The shaft lock 2 has an elastomeric compressible body portion 12 which, in an uncompressed form generally conforms to the interior walls of the handle 20 and is sized for a close compression fit. A screw-anchor block 14 is embedded within the elastomeric body portion 12, and the shaft lock 2 anchors the handle 20 inside the socket by at least one and preferably two screws 22 threaded through the socket and handle 20 and into the anchor block 14 from top-to-bottom. The screw(s) 22 engage the anchor block 14 and compress it and the elastomeric body portion 12. The threaded engagement of the screw(s) 22 into the screw-anchor block 14 in combination with the resiliency of the elastomeric body portion 12 maintains a constant tension against the screw(s) 22. This avoids loosening and/or dislodgement of the screws 22 as a result of impact or vibration, and keeps the threads of the screw(s) 22 from stripping either the handle wall(s) or the insert as a result of torque or other stress. FIGS. 4-8 are side perspective, top, end and side views, respectively, of the shaft lock 2. With collective reference to FIGS. 4-8, the shaft lock 2 according to a first embodiment of the present invention generally comprises a unitary overmolded dual-durometer shaft insert having a relatively softer elastomeric body portion 12 and a harder anchor block 14 embedded inside the body portion 12. The shaft lock 2 is sized for a close compression fit into an end of the handle, prior to that end of handle 20 being inserted into the socket (as will be described).
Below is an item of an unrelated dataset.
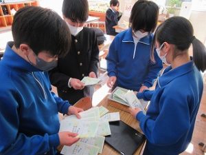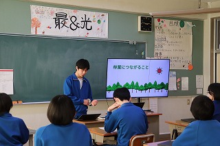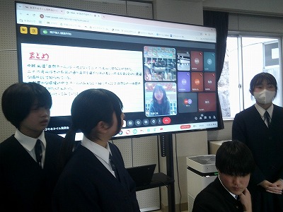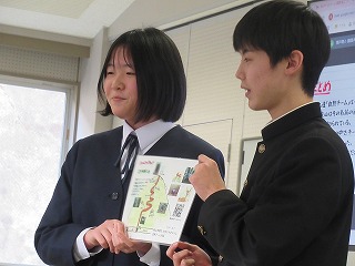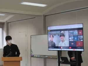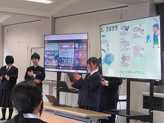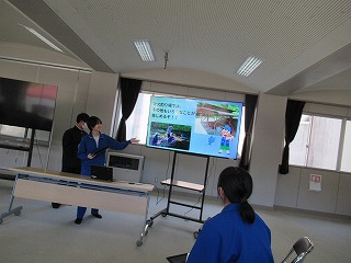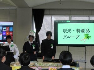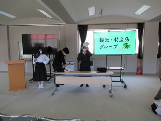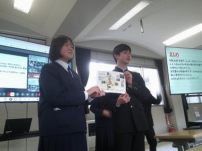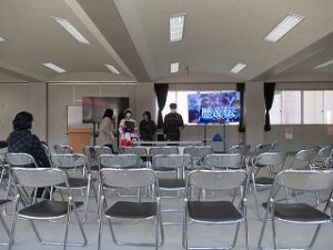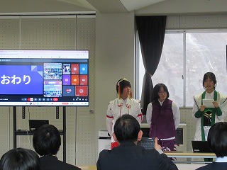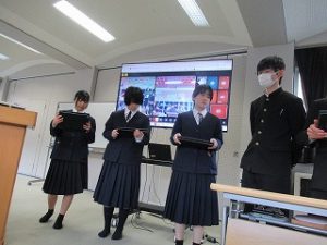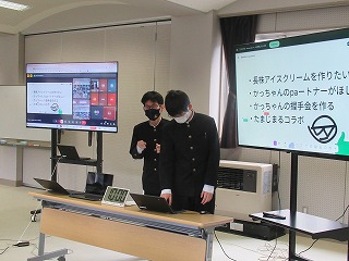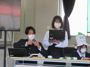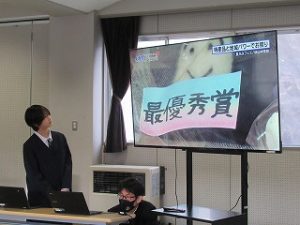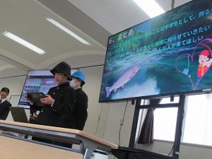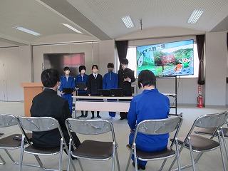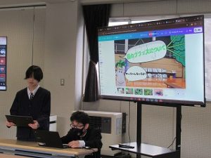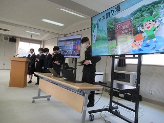 マス釣り場の紹介と二十六夜山登山についての2本立ての発表でした。マス釣り場では新しいテントサウナの紹介なども入っていて、誰もが「すぐに行ってみたい!」と思える内容でした。そして、生徒が作成したマス釣り場紹介動画は、超ハイクオリティーな仕上がりで、テレビCMで採用してほしいくらいの出来映えになっていました。釣り場の素敵なパンフレットも作成したので、後日生徒が釣り場を訪問し、お渡しする予定とのことでした。

Body portion 12 is deformable, and in its normal form takes a shape generally confirming to a segment of the interior volume of handle 20. In a preferred embodiment of shaft lock 2 one end is slightly smaller than the other to ease insertion into the handle 20. This may be accomplished in a variety of ways, including with a slight, gradual inward taper of body portion 12 toward the smaller end or, alternatively, by rounding the edges of body portion 12.

As seen in FIGS. 5-6, the shaft lock 2 according to a first embodiment of the present invention is defined by top (FIG. 5), opposing ends (one shown in FIG. 6), and minor-image sides (FIG. 7). FIG. 8 is a cross-section taken along the lines A-A of FIG. 7. Preferably, the sides are formed with a plurality of equally-spaced grooves that define a series of laterally-and-downwardly protruding ribs 32. Ribs 32 are entirely formed in the elastomeric body portion 12 and serve two purposes: 1) ribs 32 have increased resiliency and a degree of lateral freedom, which increases both their shock-absorbing capability as well as their ability to conform to handles 10 of various sizes; and 2) ribs 32 provide increased lateral friction against the interior walls of handle 20 and resist slipping and dislodgment. Body portion 12 may be molded from any suitable elastomeric material as a matter of design choice preferably having a Young's Modulus within a range of from 10-100 MPa or 1,450-14,503 lbf/in² (psi). Body portion 12 is preferably over-molded onto the skeletal anchor block 14, which itself is formed of a material of higher durometer than body portion 12. In the presently-preferred embodiment anchor block 14 is formed of hard plastic, such as Nylon, having a Young's Modulus within a range of from 2000-4000 MPa or 290,000-580,000 lbf/in² (psi).

FIGS. 9-12 are a top view, side view, end view, and cross-section, respectively, of the anchor block 14 according to the fast embodiment of the present invention. Anchor block 14 is formed as a unitary molded component having at least one and preferably two (as shown) screw receptacles 42. Screw receptacles 42 are parallel semi-cylindrical members joined by a lateral crosspiece 46, and both screw receptacles 42 are defined by a preformed central through-hole 44 as shown. Anchor block 14 is flanked by four laterally-protruding flanges 45, 47 48 and 49 which extend outward past receptacles 42 on opposing sides at spaced intervals along the anchor block 14. A distal endwise flange 45 is extended and submerged slightly at the end of a leg 43, flange 45 presenting itself flat and substantially centered at an axis of the handle 20. The distal endwise flange 45 remains exposed from body portion 12 and bears a visible advertising indicia. When the shaft lock 2 is inserted in the handle 20 and the handle inserted into the socket, the distal flange 45 abuts the closed end of the socket, aligns the screw-holes, and serves as a foot to leg 43 to reinforce the position of the shaft lock 2. The collective flanges 45, 47, 48 and 49 serve two purposes, one being to anchor and position the anchor block 14 along its length inside the body portion 12, and the other being to serve as a reinforcing skeleton within the resilient body portion to thereby limit its resiliency and prevent tearing. Anchor block 14 may be molded separately and embedded within body portion 12 by a conventional over-molding process, or alternatively, by in-molding/co-molding or any other means known in the art suitable for embedding one object in another.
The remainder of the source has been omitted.